▶ [Exercise objective] Would you print the lines below exactly, beginning at the line that has "私は湘南美容クリニック仙台院" and stopping after the line that has "中国北京房山区石经山周边山峦起伏"? Only those lines, and no pictures.

##### Data records #####

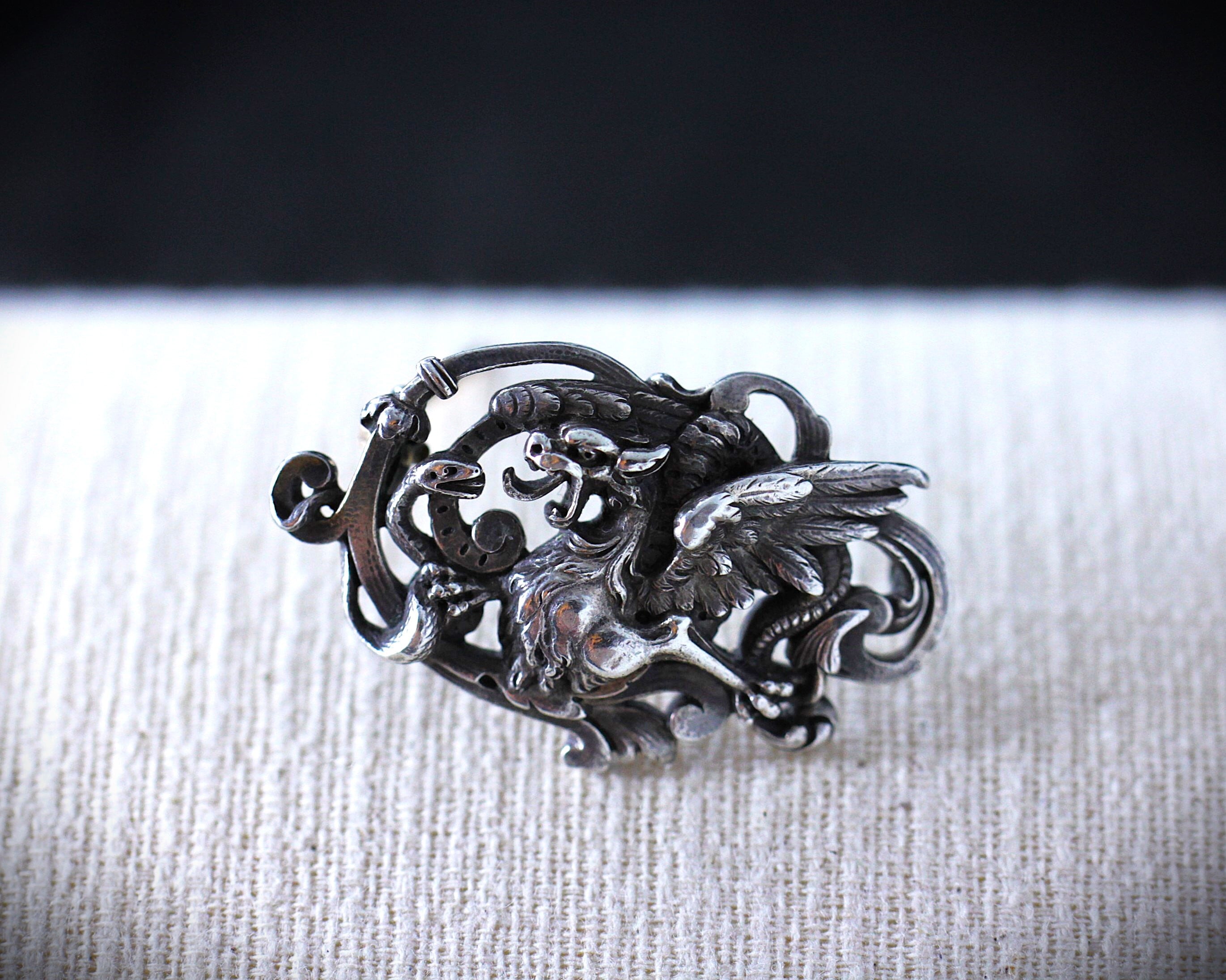 Louis Wiese "Winged Dragon entwined with Snake" ヴィエーズ シルバー ドラゴン ブローチ
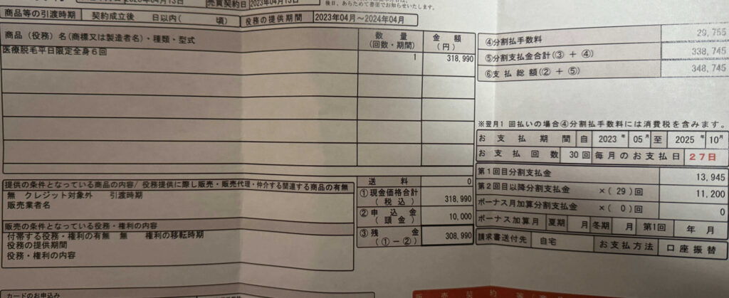 私は湘南美容クリニック仙台院で、総額348,745円(分割手数料込)をかけて全身脱毛6回を契約しました。
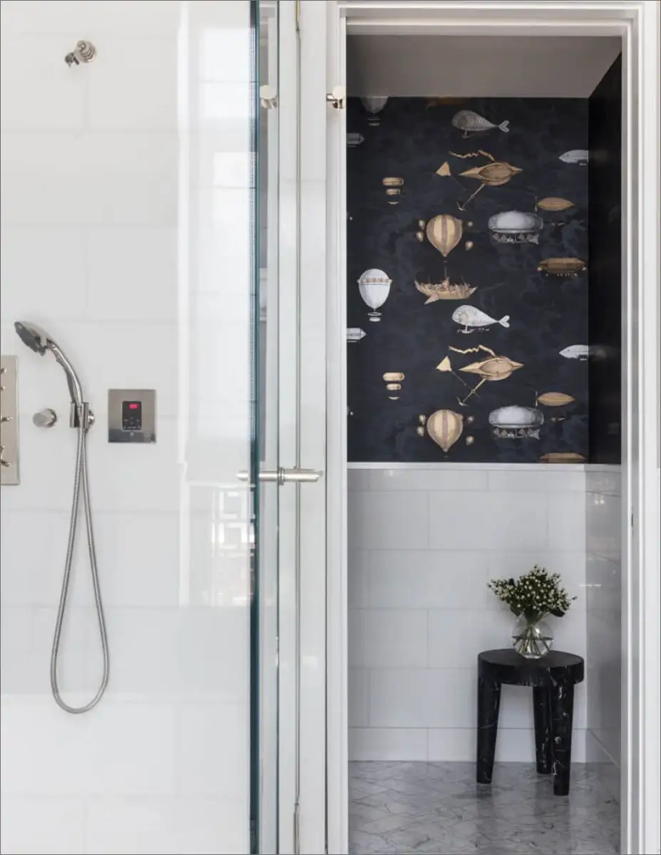 The master bathroom’s water closet is a standout, adorned with whimsical Fornasetti wallpaper and a black marble stool. Despite the masculine color scheme, the soft materials, silk rugs, and window treatments create a warm and welcoming atmosphere throughout the apartment.
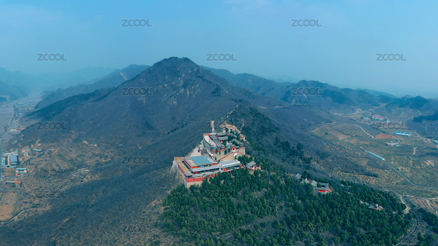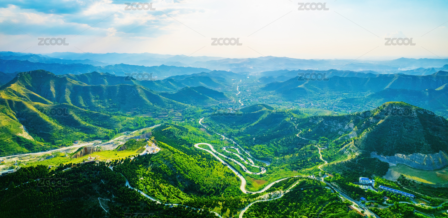 中国北京房山区石经山周边山峦起伏
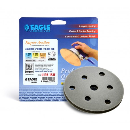 Super Assilex 5" Super-Tack discs with 7 hole vacuum assist in "Job-Pak" job size quantities for smaller jobs and convenience.
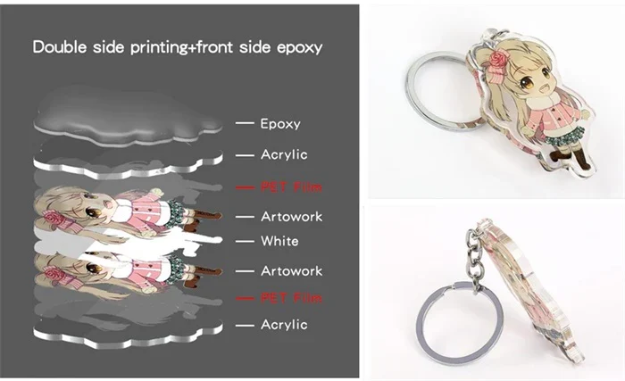 double sided vs epoxy acrylic keychain comparison

#####

▶ [Exercise answer]
 私は湘南美容クリニック仙台院で、総額348,745円(分割手数料込)をかけて全身脱毛6回を契約しました。
 The master bathroom’s water closet is a standout, adorned with whimsical Fornasetti wallpaper and a black marble stool. Despite the masculine color scheme, the soft materials, silk rugs, and window treatments create a warm and welcoming atmosphere throughout the apartment.
 中国北京房山区石经山周边山峦起伏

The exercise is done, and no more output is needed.